It seems Florida rockers Shinedown have a monopoly on drama. Take their sixth studio album: from its title, to it’s cover, to the tense thirty-second interlude that introduces it, Attention Attention is an embodiment of just that.
In fact, if you wait just over a minute into the album, the second track ‘The Devil’ expresses this eloquently with: “The drama, the drama, don’t pay the prima donna.”
The band describe the album as a physical, mental, and emotional journey that stretches from life’s lowest lows to life’s highest highs. Vocalist Brent Smith said the tracks come together in one complete thought to form a story – of a person who has fought from the very bottom to get to where they are.
“As we wrote the songs, they showed me that they were all related to each other during a very early stage,” he explains.
“It’s one complete thought, because it’s a cohesive story. A lot of this is about me, but it’s also about Eric, Barry, and Zach. It was born from the last four years of our lives. I’ve always said, ‘You’ve got to fall in a hole to figure out how to get out of it.’ We start off at the bottom.

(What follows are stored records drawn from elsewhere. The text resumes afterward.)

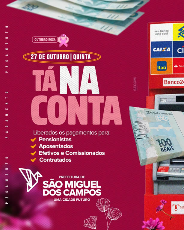 No próximo dia 28, será comemorado o Dia do Servidor Público, e a Prefeitura de São Miguel dos Campos, através da Secretaria Municipal de Administração e Finanças, anunciou que o pagamento de todos os servidores públicos (efetivos, comissionados, contratados, aposentados e pensionistas) será nesta quinta-feira, dia 27 de outubro.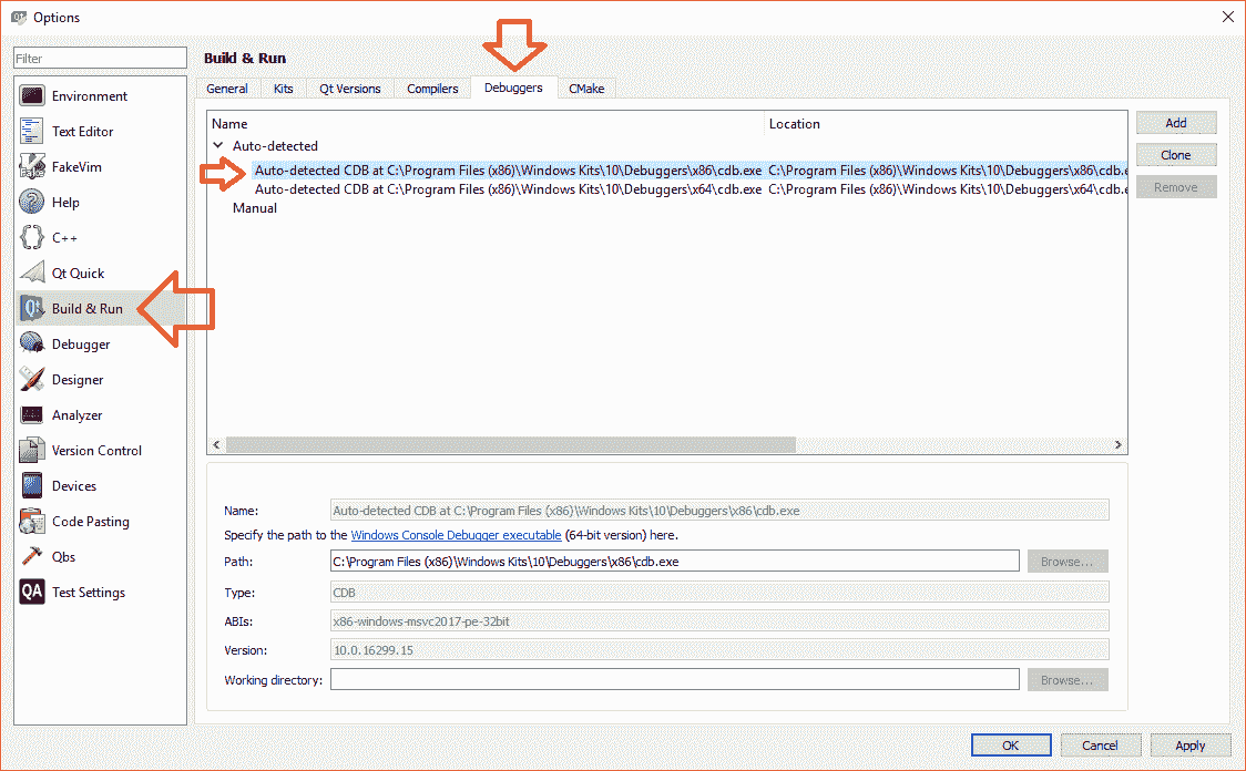但是,在安装调试器之后(假定是 Microsoft Visual C++ 编译器的 CDB 或 Microsoft 控制台调试器,以及 GCC 编译器的 GDB),您可以重新启动 Qt Creator 并返回此页面。 您应该可以具有一个或多个类似于以下内容的条目。 由于我们已经安装了 32 位版本的 Qt 和 OpenCV 框架,因此选择名称中带有 x86 的条目以查看其路径,类型和其他属性。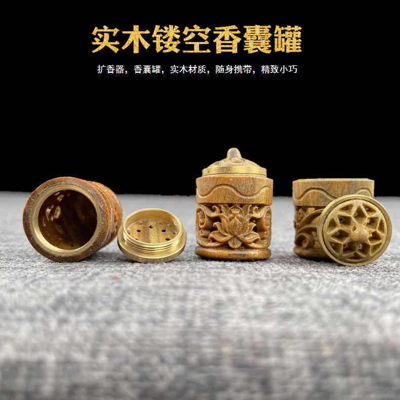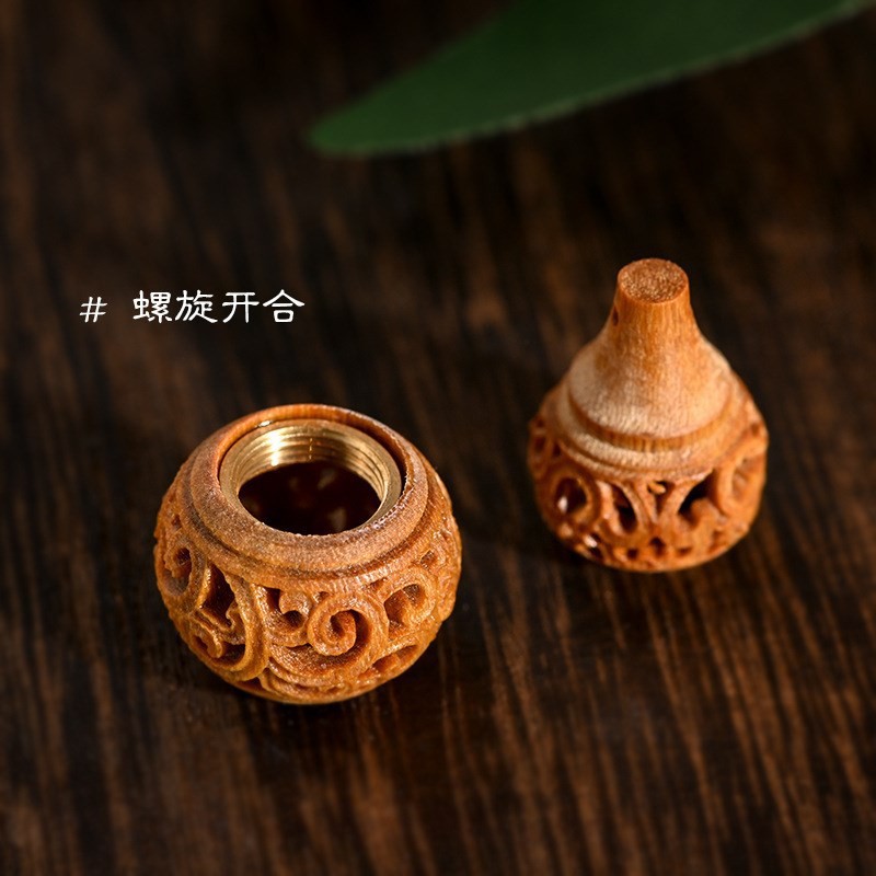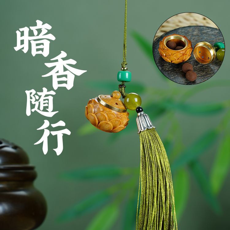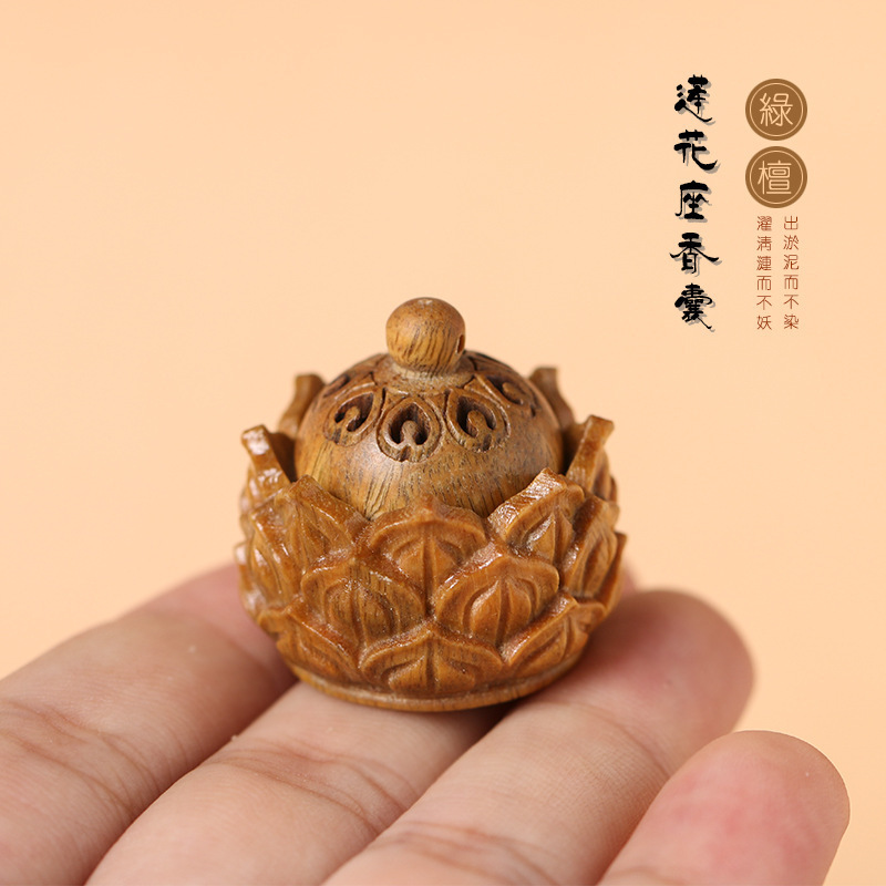 緑檀木古風蓮花座彫刻香嚢携帯香薫ペンダントdiyキーホルダーアクセサリー

“This person fights to build back up, realizes he or she isn’t perfect, accepts that nothing in this world is just handed over, and unlocks the resolve to take everything on.”
Evolution and less-than-subtle transition is something very much alive in Attention Attention. Earlier tracks like ‘Black Soul’ and ‘Attention Attention’ are anxious – not only lyrically, but with quick, almost frantic vocals at points.
Later tracks like ‘Monsters’ see the character Shinedown has created become confident – though the musicality of the album doesn’t really see a shift in the second half. The tone is reminiscent of Avenged Sevenfold‘s recent work – with some of the guitar riffs very similar in style.
It’s obvious Shinedown has carefully considered what they wanted to create in Attention Attention – something that takes the listener on a journey. But some tracks are far more effective than others, with ‘Darkside’, ‘Brilliant’, and ‘The Human Radio’ leaps and bounds above the earlier half.